***** SOURCE MATERIAL *****

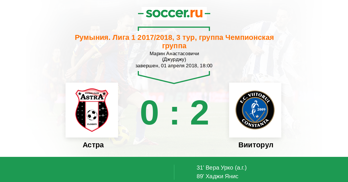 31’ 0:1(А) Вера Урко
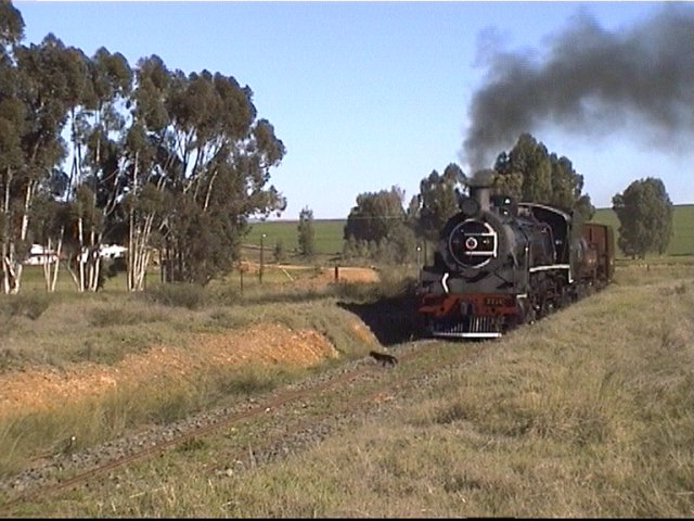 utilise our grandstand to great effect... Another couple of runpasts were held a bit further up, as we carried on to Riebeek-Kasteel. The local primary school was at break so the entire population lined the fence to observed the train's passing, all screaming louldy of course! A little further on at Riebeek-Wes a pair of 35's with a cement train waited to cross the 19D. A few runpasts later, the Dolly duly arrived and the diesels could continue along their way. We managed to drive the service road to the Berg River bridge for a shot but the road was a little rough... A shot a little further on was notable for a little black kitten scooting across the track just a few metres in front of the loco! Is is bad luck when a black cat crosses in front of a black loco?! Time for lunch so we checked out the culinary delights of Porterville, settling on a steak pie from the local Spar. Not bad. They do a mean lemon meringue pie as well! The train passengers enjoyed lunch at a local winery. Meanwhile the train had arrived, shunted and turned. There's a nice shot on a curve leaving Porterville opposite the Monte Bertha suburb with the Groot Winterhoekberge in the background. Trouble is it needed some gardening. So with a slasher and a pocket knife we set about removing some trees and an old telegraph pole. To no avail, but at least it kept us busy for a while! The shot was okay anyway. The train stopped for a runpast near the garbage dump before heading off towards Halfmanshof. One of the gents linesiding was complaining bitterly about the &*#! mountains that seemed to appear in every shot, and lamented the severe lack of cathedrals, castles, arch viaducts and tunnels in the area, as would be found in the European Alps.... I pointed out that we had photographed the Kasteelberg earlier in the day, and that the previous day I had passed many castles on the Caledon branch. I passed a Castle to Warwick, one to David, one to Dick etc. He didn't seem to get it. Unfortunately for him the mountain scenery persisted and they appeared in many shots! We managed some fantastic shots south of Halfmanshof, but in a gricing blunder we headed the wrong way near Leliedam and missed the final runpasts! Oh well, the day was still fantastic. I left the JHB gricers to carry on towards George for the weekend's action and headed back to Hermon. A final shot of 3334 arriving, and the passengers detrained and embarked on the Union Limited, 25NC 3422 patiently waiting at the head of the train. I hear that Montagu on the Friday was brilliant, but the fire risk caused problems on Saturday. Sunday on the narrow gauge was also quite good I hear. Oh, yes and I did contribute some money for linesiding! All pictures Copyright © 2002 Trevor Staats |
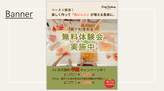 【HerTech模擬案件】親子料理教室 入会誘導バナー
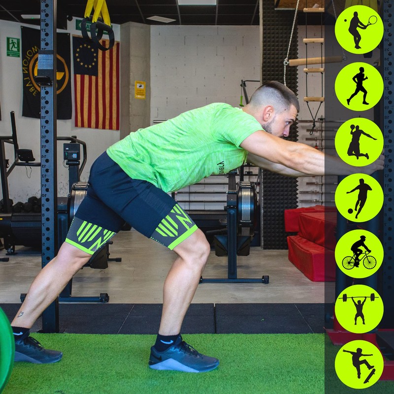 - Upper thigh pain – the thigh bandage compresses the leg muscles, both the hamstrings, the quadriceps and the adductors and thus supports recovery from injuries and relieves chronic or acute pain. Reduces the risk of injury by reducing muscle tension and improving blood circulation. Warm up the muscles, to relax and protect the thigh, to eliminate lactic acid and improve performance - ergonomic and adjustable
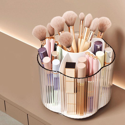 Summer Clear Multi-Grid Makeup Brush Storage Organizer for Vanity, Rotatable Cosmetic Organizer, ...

*****
***** SOURCE MATERIAL *****

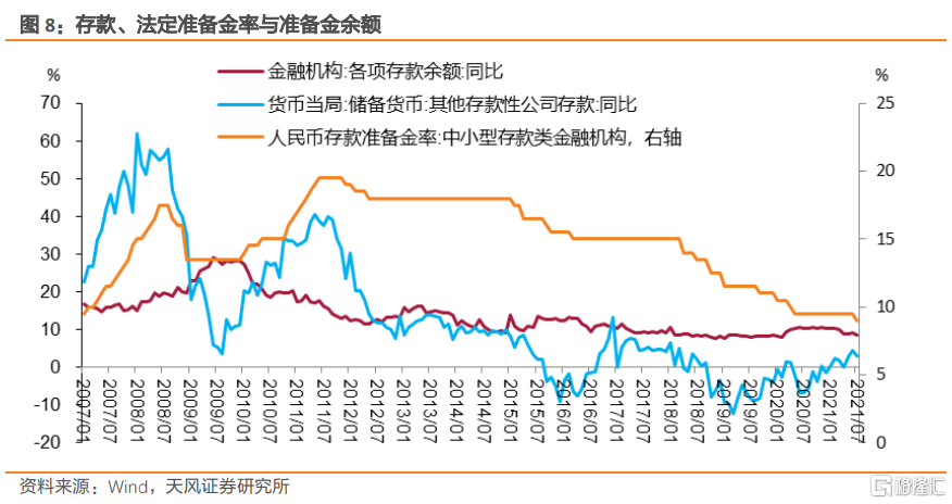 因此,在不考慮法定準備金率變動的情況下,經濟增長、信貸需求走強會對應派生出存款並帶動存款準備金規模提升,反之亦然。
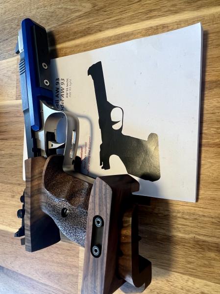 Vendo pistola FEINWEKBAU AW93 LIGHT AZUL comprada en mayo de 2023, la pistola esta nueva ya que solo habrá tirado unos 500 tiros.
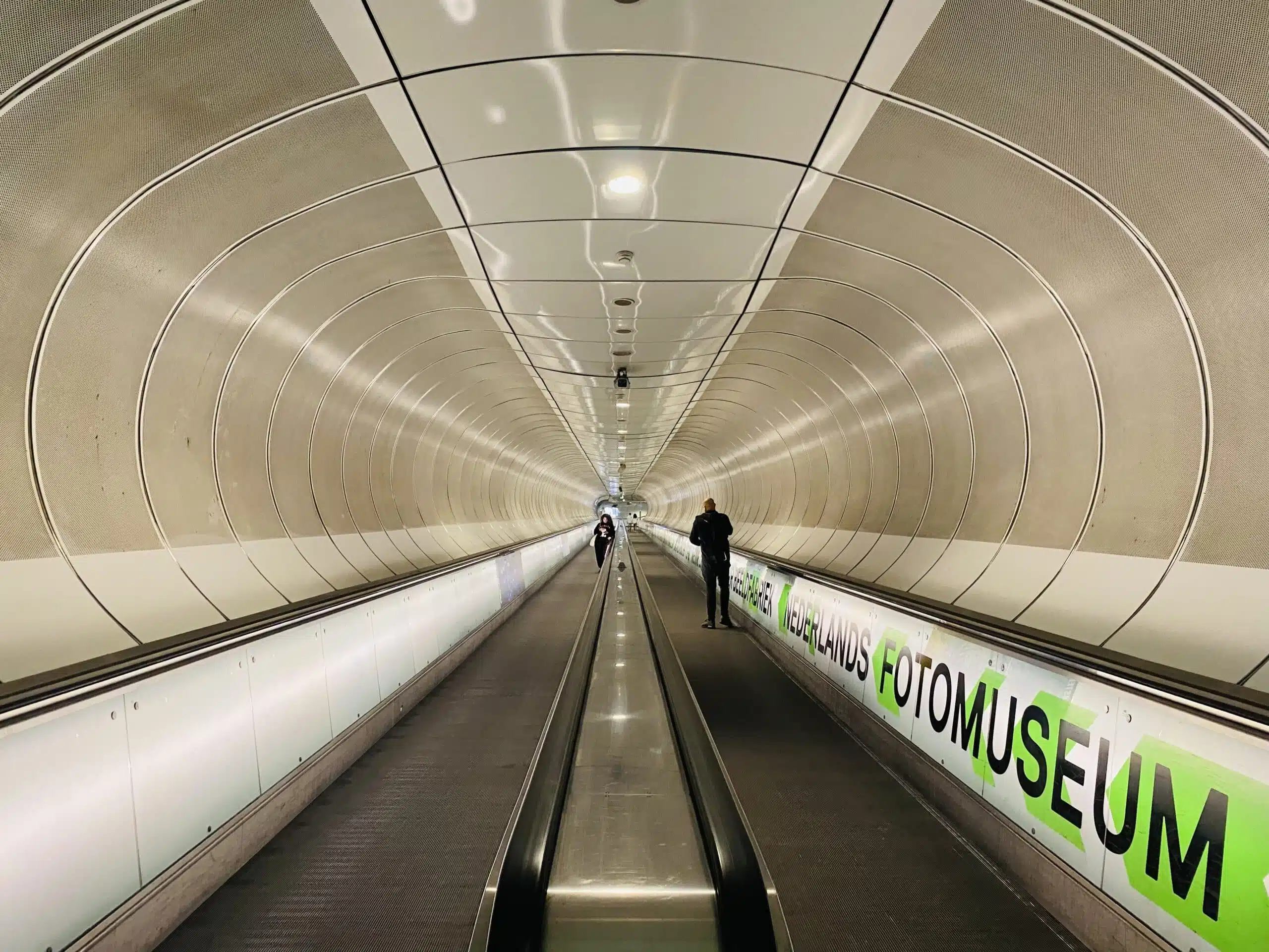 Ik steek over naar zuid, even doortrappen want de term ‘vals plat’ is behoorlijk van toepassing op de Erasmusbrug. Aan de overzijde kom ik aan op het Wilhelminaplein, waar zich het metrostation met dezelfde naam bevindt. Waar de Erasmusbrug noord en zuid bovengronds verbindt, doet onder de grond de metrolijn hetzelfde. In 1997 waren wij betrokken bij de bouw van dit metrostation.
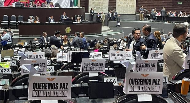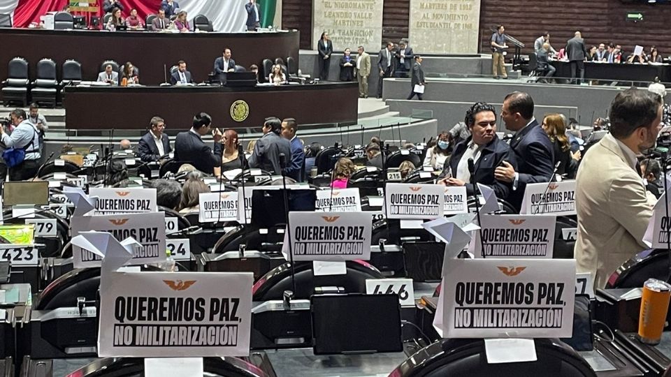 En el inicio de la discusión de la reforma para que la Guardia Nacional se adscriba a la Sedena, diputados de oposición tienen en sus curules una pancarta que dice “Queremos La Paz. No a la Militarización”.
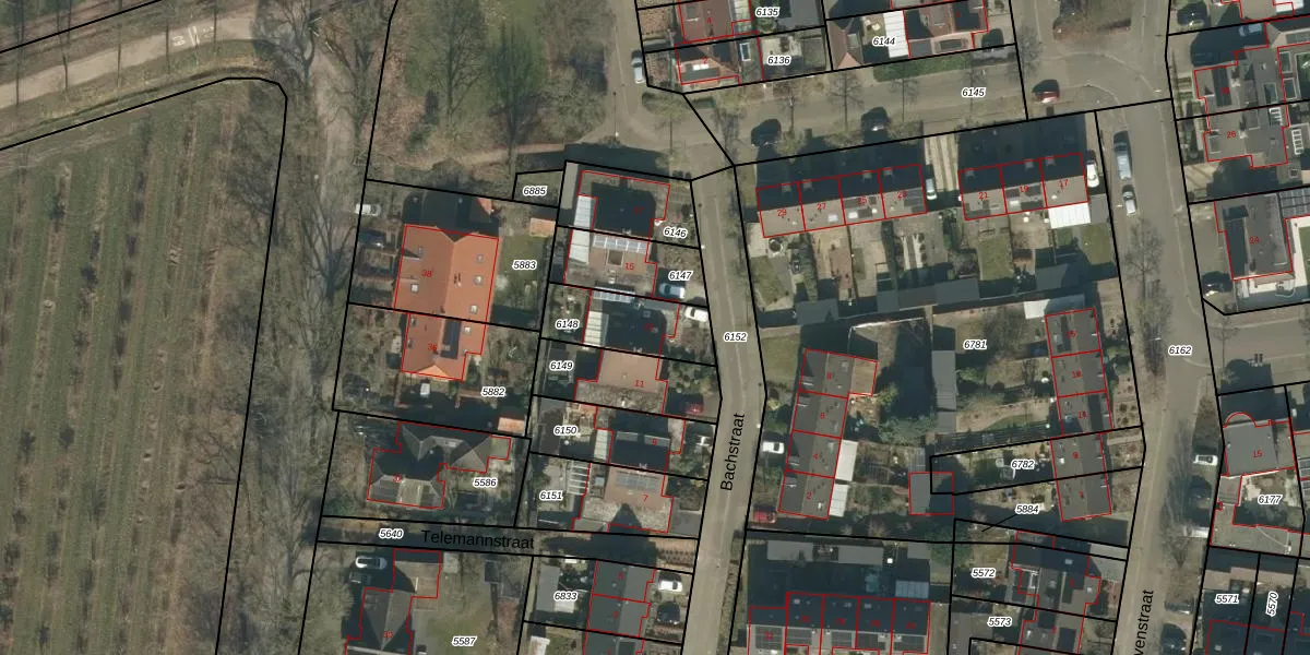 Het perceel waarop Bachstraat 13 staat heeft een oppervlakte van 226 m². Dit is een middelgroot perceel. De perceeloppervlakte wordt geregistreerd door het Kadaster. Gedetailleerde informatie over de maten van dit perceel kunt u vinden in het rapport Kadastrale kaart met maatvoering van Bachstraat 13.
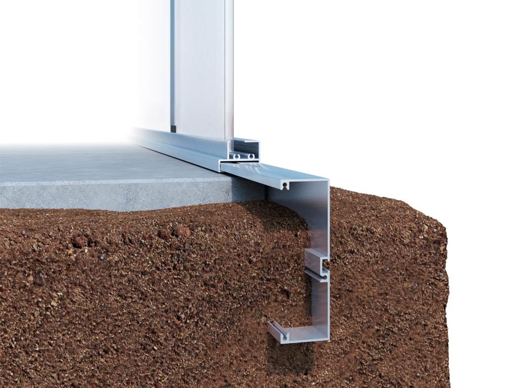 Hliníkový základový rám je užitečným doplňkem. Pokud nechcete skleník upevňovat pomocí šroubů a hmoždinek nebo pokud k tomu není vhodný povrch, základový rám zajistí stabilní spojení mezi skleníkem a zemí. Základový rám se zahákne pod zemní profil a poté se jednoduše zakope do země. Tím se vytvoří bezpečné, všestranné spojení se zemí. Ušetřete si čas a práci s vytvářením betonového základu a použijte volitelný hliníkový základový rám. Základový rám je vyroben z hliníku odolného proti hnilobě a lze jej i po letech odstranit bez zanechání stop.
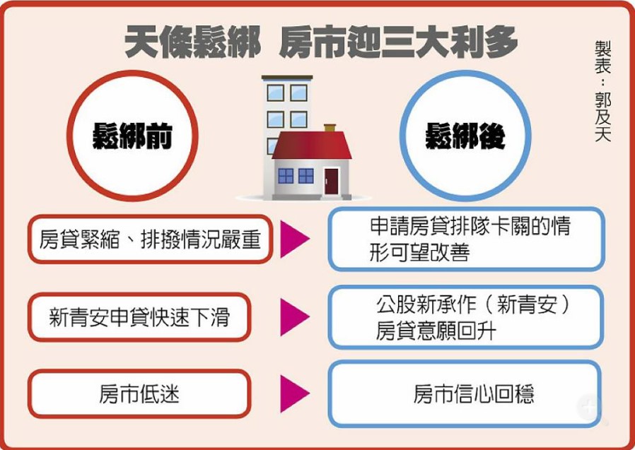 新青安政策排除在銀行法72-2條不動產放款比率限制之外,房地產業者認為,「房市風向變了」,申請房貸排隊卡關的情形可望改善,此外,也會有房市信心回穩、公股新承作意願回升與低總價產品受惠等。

*****

Would you give again, exactly, the lines in the data above that run from the line containing "因此,在不考慮法定準備金率變" to the line containing "Het perceel waarop"? Include both ends and no pictures.

 因此,在不考慮法定準備金率變動的情況下,經濟增長、信貸需求走強會對應派生出存款並帶動存款準備金規模提升,反之亦然。
 Vendo pistola FEINWEKBAU AW93 LIGHT AZUL comprada en mayo de 2023, la pistola esta nueva ya que solo habrá tirado unos 500 tiros.
 Ik steek over naar zuid, even doortrappen want de term ‘vals plat’ is behoorlijk van toepassing op de Erasmusbrug. Aan de overzijde kom ik aan op het Wilhelminaplein, waar zich het metrostation met dezelfde naam bevindt. Waar de Erasmusbrug noord en zuid bovengronds verbindt, doet onder de grond de metrolijn hetzelfde. In 1997 waren wij betrokken bij de bouw van dit metrostation.
 En el inicio de la discusión de la reforma para que la Guardia Nacional se adscriba a la Sedena, diputados de oposición tienen en sus curules una pancarta que dice “Queremos La Paz. No a la Militarización”.
 Het perceel waarop Bachstraat 13 staat heeft een oppervlakte van 226 m². Dit is een middelgroot perceel. De perceeloppervlakte wordt geregistreerd door het Kadaster. Gedetailleerde informatie over de maten van dit perceel kunt u vinden in het rapport Kadastrale kaart met maatvoering van Bachstraat 13.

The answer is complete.